The Trump Impeachment Conundrum Democrats Don’t Want to Talk About

One thing we can safely conclude at this point is that the current impeachment push is not about the content of Trump’s phone conversation with Ukraine’s president Zelensky or the “whistleblower” report, although the Democrats and NeverTrumpers will probably continue to pretend it is, at least for a while.

Nancy Pelosi is now trying to spin the incident as a cover-up. If so, it would be a coverup of something that wasn’t a problem in the first place, and a coverup that involved immediate release of the phone call transcript and the whistleblower report as soon as requested.

If that makes the left look foolish, it appears that they don’t care because they are driven by many things. Chief among them is the constant effort to undo an election whose result they really really really do not like.

They have the power to impeach because they hold a majority in the House, and the prospect of a juicy show trial, which Daniel Greenfield discusses here, is probably another driving motive:

Unless the Democrats take the Senate, impeachment would be a meaningless show trial. But Marxist regimes love show trials of political opponents. The Marxist element in the House desperately wants a show trial of President Trump because such a proceeding is an explicit rejection of our political system.

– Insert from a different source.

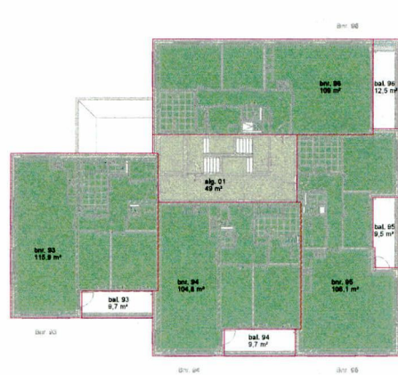
eerste verdieping - bruto vloeroppervlakte

This is in line with other trends going on around the world, most particularly in Western Europe, where officials wish to ignore the will of the people if that will conflicts with theirs. This is a new aristocracy which feels it has enough power to accomplish this. Propaganda from the MSM enables them, as well.

Greenfield continues:

Impeachment is not just meant to be a trial of President Trump, but of the voters who chose him. Its outcome, whatever the composition of the Senate, is meant to be an argument for remaking the system of elections, whether by abolishing the Electoral College or tampering with the judiciary, that would take the power further out of the hands of the voters and concentrate them with the right sorts of people.

A Trump presidency is unconscionable to them and was from the start.

Democrats and others in this new aristocracy had grown very used to having a GOP whose members played the game like gentlemen (and that includes the Republican women). Every now and then there had been an eruption from the more combative right such as Bill Clinton’s impeachment or Gingrich’s short-lived Contract With America. But for the most part the left and the Democrats had to deal with people who were only tepidly on the right and often more than willing to play ball with the left, people such as McCain (the candidate in 2008) and Romney (2012). Even George W. Bush was no street fighter and no conservative, although they hated him for other reasons.

The left grew used to having opponents of a certain type, and Trump most definitely is not of that type. That’s why the NeverTrumpers hate him, too, perhaps even more than the left does, because the NeverTrumpers were (and are) of that type as well.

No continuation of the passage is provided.